> _AVAILABLE DATA_:
+-------+

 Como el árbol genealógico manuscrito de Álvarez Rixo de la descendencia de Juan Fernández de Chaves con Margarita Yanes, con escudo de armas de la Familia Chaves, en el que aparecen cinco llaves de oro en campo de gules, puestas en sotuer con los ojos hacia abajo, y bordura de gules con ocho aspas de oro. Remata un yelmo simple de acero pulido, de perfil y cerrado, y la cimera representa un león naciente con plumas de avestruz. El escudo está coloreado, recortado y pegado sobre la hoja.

+-------+

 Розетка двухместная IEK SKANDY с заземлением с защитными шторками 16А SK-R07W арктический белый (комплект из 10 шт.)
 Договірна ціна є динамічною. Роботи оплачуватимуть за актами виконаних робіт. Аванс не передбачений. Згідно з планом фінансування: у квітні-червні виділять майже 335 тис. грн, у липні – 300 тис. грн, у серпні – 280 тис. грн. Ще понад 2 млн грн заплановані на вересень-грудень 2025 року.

+-------+

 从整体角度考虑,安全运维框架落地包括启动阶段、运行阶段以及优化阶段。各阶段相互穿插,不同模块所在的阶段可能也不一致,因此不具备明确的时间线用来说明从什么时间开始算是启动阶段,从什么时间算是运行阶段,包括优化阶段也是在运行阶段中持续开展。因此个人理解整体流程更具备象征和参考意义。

+-------+

> _ASSIGNMENT_:
Retype only the stretch of lines above starting at the one with "Розетка двухместная IEK" and stopping at the one with "Договірна ціна є", exactly as written, with both kept.

> _REPLY TO THE TASK_:
 Розетка двухместная IEK SKANDY с заземлением с защитными шторками 16А SK-R07W арктический белый (комплект из 10 шт.)
 Договірна ціна є динамічною. Роботи оплачуватимуть за актами виконаних робіт. Аванс не передбачений. Згідно з планом фінансування: у квітні-червні виділять майже 335 тис. грн, у липні – 300 тис. грн, у серпні – 280 тис. грн. Ще понад 2 млн грн заплановані на вересень-грудень 2025 року.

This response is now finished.